> [WORK ITEM]:
The response should repeat word for word every line below from the one with "9時20分頃にガス橋着。暑い" to the one with "Материнки MS6163 (N1996);", inclusive, and nothing else; leave pictures out.

> [DATA RECORDS]:
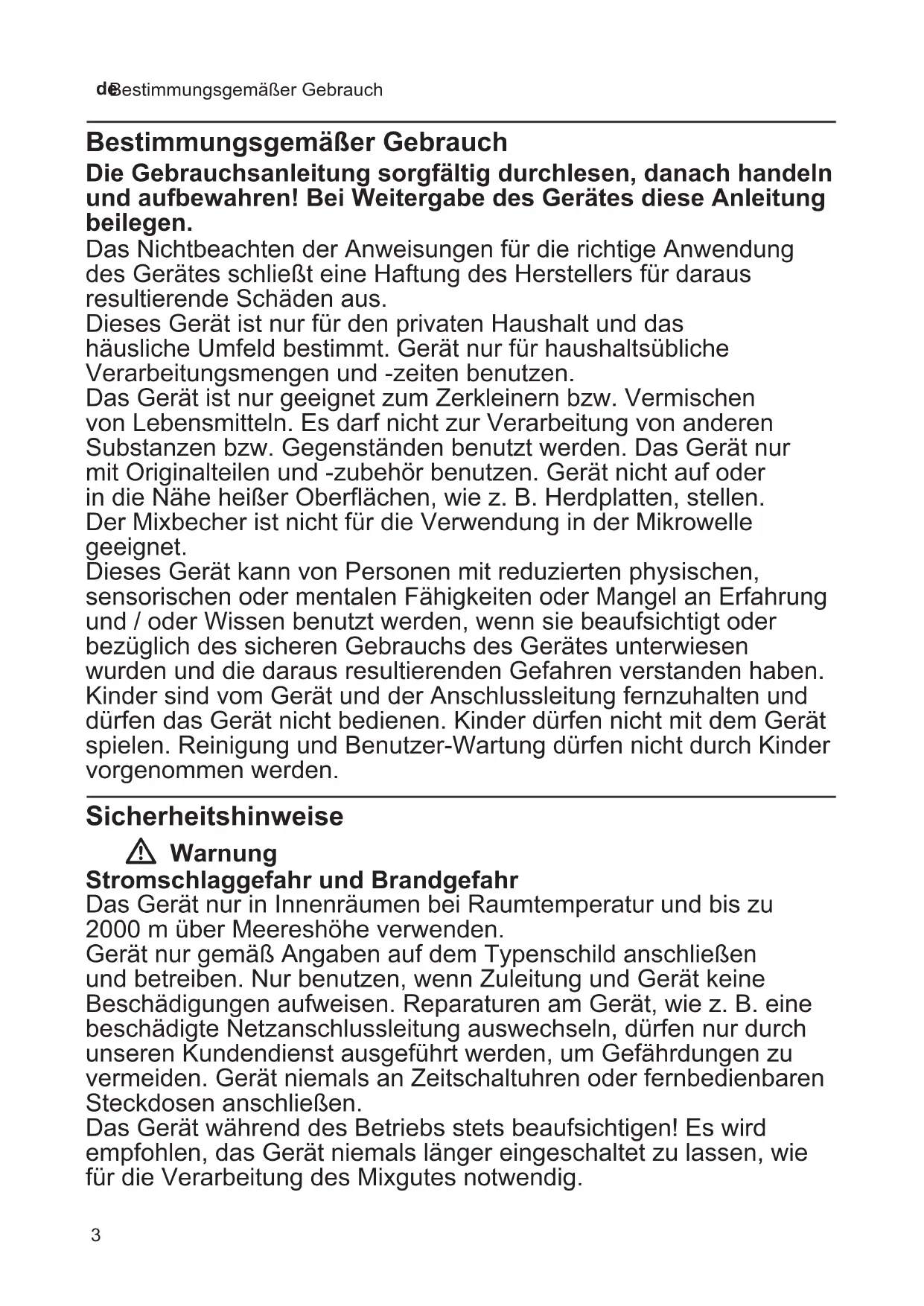 Das Gerät ist nur geeignet zum Zerkleinern bzw. Vermischen
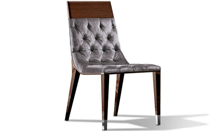 Side chair with or without buttoned back and seat. 2 front legs with chrome feet. Available in leather / in velvet or suede fabric / in nubuk leather.
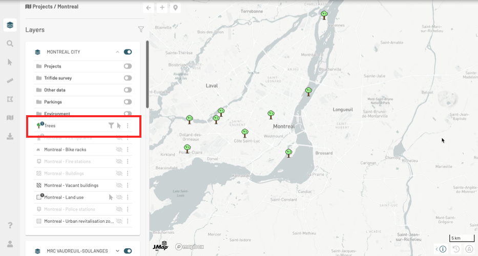 displayed in the layer card indicates that this one has an active filter. Configured filters are enabled by default.
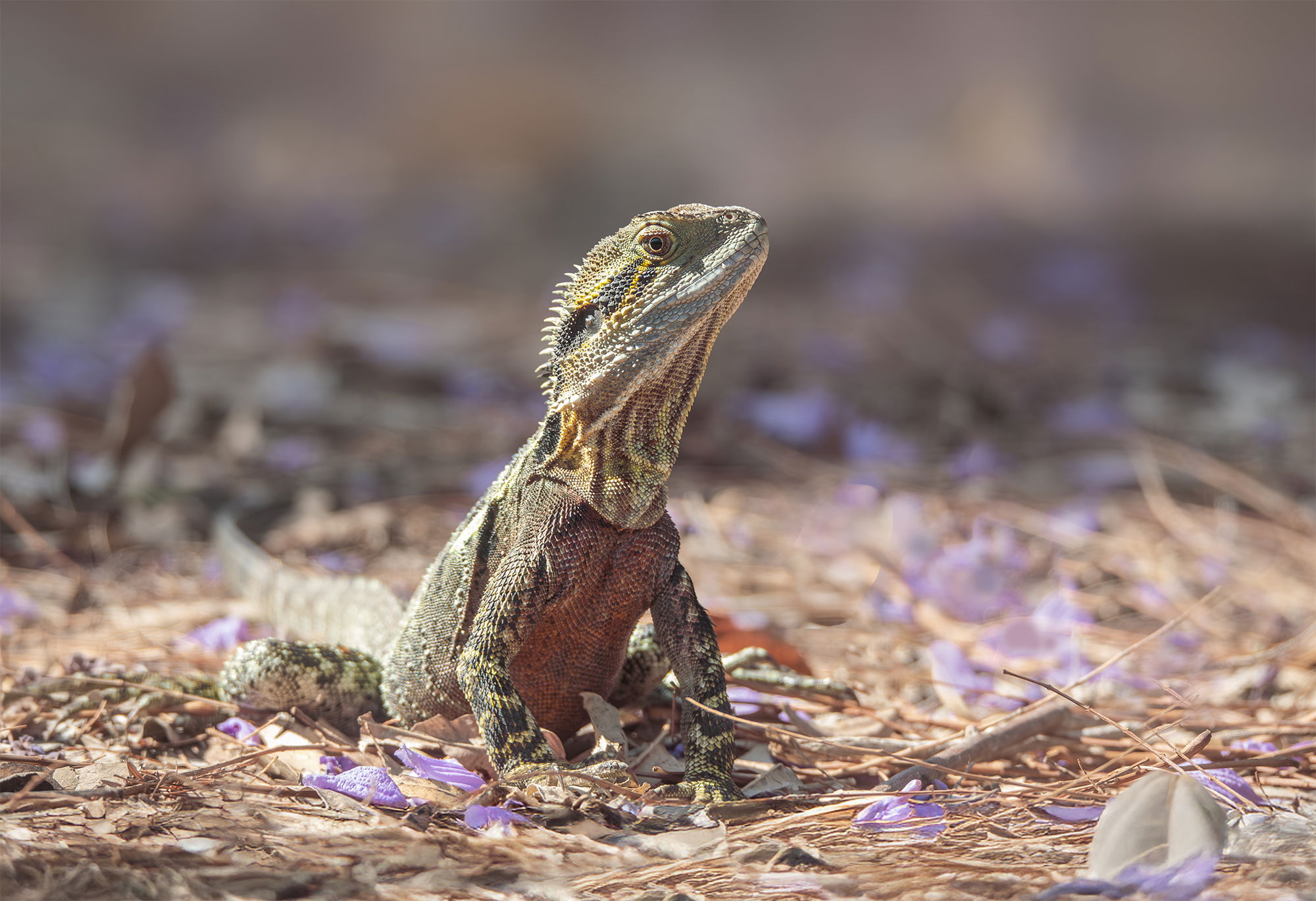 Water dragons are fairly common, anywhere near water, where I live. They are robust, not-so-timid subjects. We were supposed to be shooting flying fox when this little fellow came out to check us over. Being surrounded by pretty fallen flowers is an unusual setting for a water dragon.
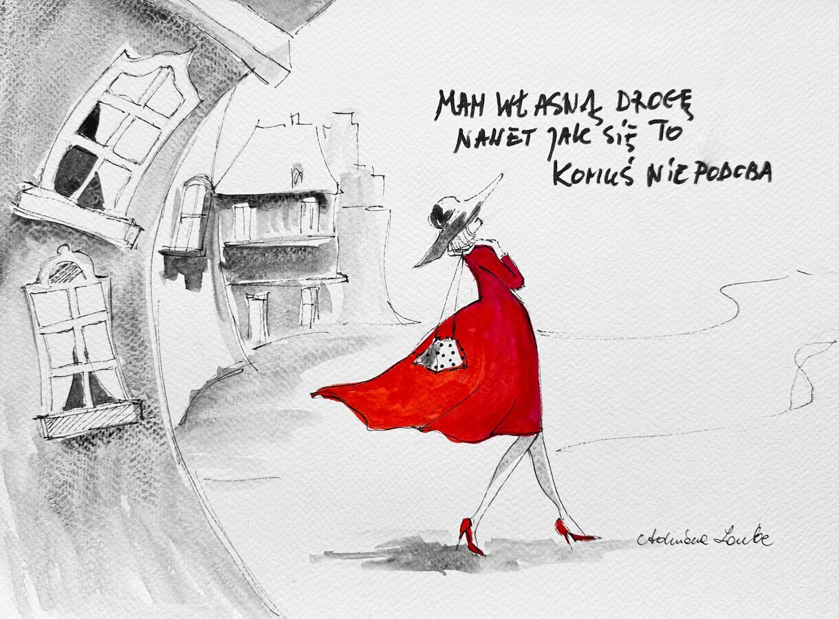 "Mam własną drogę" akwarela z dodatkiem piórka wykonana na białym 300g papierze A4 (29,7cm x 21cm) przez artystkę plastyka Adrianę Laube. Praca sygnowana.
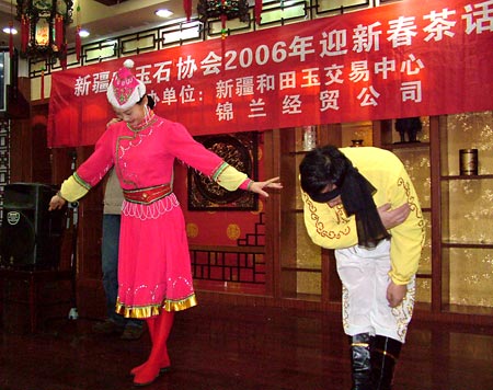 新疆宝玉石协会2006年迎新春茶话会于1月8日在人民饭店举行,本次活动得到了新疆和田玉交易中心和锦兰经贸公司的协办支持。
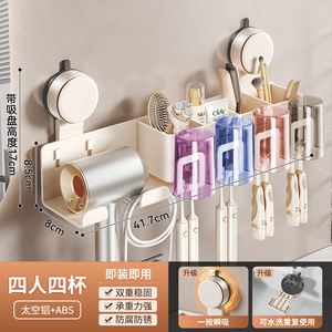 ドラム吸盤 乳白歯ブラシホルダー 4人用 + 4色カップ + ヘアドライヤーホルダー 38021
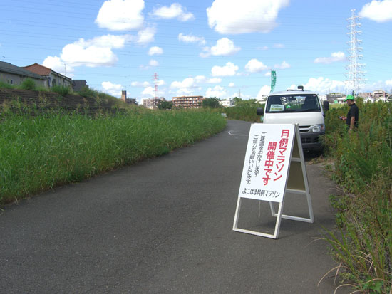 9時20分頃にガス橋着。暑いので水道水で冷却。往路と同じ経路で鷹野大橋まで走行し鶴見川沿いにでると途中、月例マラソン開催中ですという看板がある。この暑さでマラソンというのも大変そうだ。
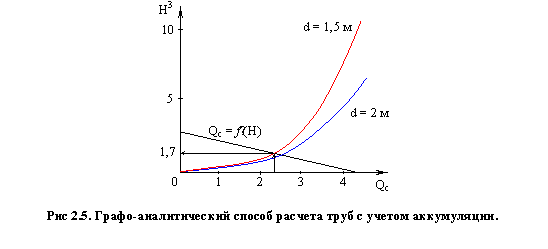 4. По данным гидравлических характеристик типовых труб (табл. IV [2] стр. 26) строят график пропускной способности Qтр = f∙(H) трубы данного отверстия и режима протекания и график Qс = f∙(H) по данным таблицы 2.1. Искомый расчетный сбросной расход с учетом аккумуляции Qс и величина подпора H соответствуют точке пересечения двух графиков Qс и Qтр.
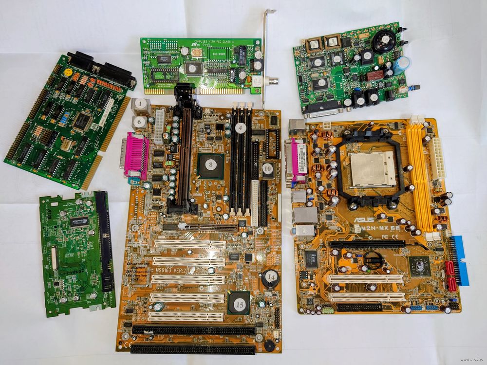 Материнки MS6163 (N1996); Asus M2N-MX SE - работоспособность не известна, есть вздутые конденсаторы.
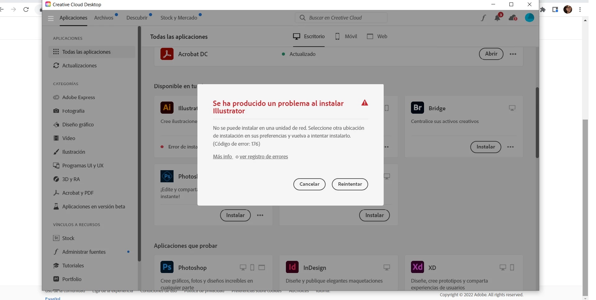 Hola! Ya publiqué este problema pero no obtuve ayuda, y como estoy pagando Illustrator necesito solucionarlo: Recienmente compré el Adobe Illustrator y al tratar de instalarlo en mi disco duro externo (mi computadora ya no tiene más espacio para otro programa) a través de Creative Cloud Desktop me tira el código de error 176, dice "El código de error 176 indica que intenta instalar la aplicación en una unidad de red. SOLUCIÓN: Seleccione otra ubicación de instalación en las preferencias del dispositivo e instale de nuevo la aplicación." Pero esto no puede ser ya que ya había podido instralar Illustrator en otro disco duro (que se me rompió) y no había tenido ningún tipo de problema. ¿Porqué ahora si?
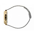 Брендовый аксессуар в золотом цвете имеет IP-покрытиеIP-покрытиеМетод ионного напыления. Демонстрирует повышенную устойчивость к истиранию, окислению и химическим веществам. Под воздействием высокого давления и температуры около 1500°C молекулы металла надёжно соединяются с частицами корпуса часов. стального браслета, защищающее от царапин и изнашивания, а также выполняющее декоративное предназначение. Высокоточный кварцевый механизм. Яркая электролюминесцентная подсветка. Противоударный корпусУдаропрочный корпусМеханизм заключён в корпус, выполненный из современных материалов, устойчивых к ударам, механическим повреждениям и падению с высоты: инновационный пластик, карбон, нержавеющая сталь, титан. 8-угольной формы из надёжного пластика. Удобная застёжка расстёгивается одним касанием. Будильник, автоматический календарь. Габариты: 36,3 x 38,6 x 9,6 мм.
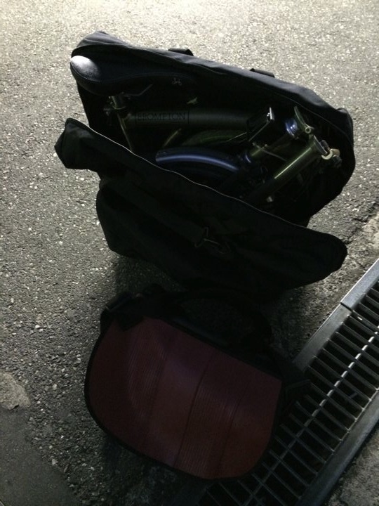 ブロちゃんはいつもの様にラディカルデザインの輪行バッグ。

> [ANSWER TO THIS EXERCISE]:
 9時20分頃にガス橋着。暑いので水道水で冷却。往路と同じ経路で鷹野大橋まで走行し鶴見川沿いにでると途中、月例マラソン開催中ですという看板がある。この暑さでマラソンというのも大変そうだ。
 4. По данным гидравлических характеристик типовых труб (табл. IV [2] стр. 26) строят график пропускной способности Qтр = f∙(H) трубы данного отверстия и режима протекания и график Qс = f∙(H) по данным таблицы 2.1. Искомый расчетный сбросной расход с учетом аккумуляции Qс и величина подпора H соответствуют точке пересечения двух графиков Qс и Qтр.
 Материнки MS6163 (N1996); Asus M2N-MX SE - работоспособность не известна, есть вздутые конденсаторы.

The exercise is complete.